We achieved the catalyst-free synthesis of phosphinecarboxamide and phosphinecarbothioamide through the hydrophosphination of isocyanates and isothiocyanates. The important point in our system was to carry out the reaction without using a solvent (neat). This system showed the characteristics of easy handling, high yield, short reaction time, and good functional-group tolerance for the functionalized isocyanates and isothiocyanates. For the requirement of no catalyst nor solvent, the gram-scale synthesis of these compounds was also achieved. In addition, we synthesized and characterized palladium complexes with phosphinecarboxamide and phosphinecarbothioamide as ligands.
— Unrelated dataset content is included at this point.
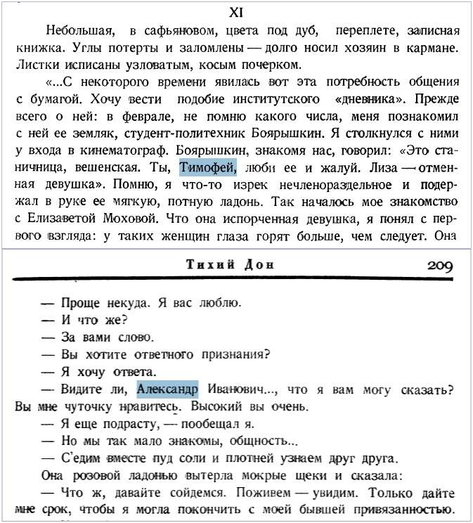 Итак, целых 20 лет в тексте романа погибший студент–казак (хозяин записной книжки) носил два имени — Тимофей и Александр. Мной сделана склейка скриншотов страниц журнала «Октябрь» (№ 3, 1928 г., стр. 206 и 209), где хорошо видна чужеродность «Тихого Дона» по отношению к Шолохову — налицо незнание текста романа титульным автором (см. картинку). Это наглядный пример того, что Шолохов переписывал с чужой рукописи механически, даже не запоминая предыдущий текст, и при этом допускал ошибки в прочтении написанного Крюковым.

In the reaction of Pd(COD)Cl₂ with 1a, [Pd{Ph₂PC(O)NHPh-κP}₂Cl₂] (3) was obtained regardless of whether 1a was used in 1 or 2 equivalents. In contrast, in the reaction of Pd(COD)Cl₂ with 2a, [PdCl₂{Ph₂PC(S)NHPh-κP,S}] (4) and [PdCl{Ph₂PC(S)NHPh-κP,S}{Ph₂PC(S)NHPh-κP}]Cl (5) were selectively obtained when 1 eq. and 2 eq. of 2a were used, respectively. It was revealed that 3 and 5 having intra- and/or inter-molecular hydrogen bonds showed thermal cis/trans isomerization.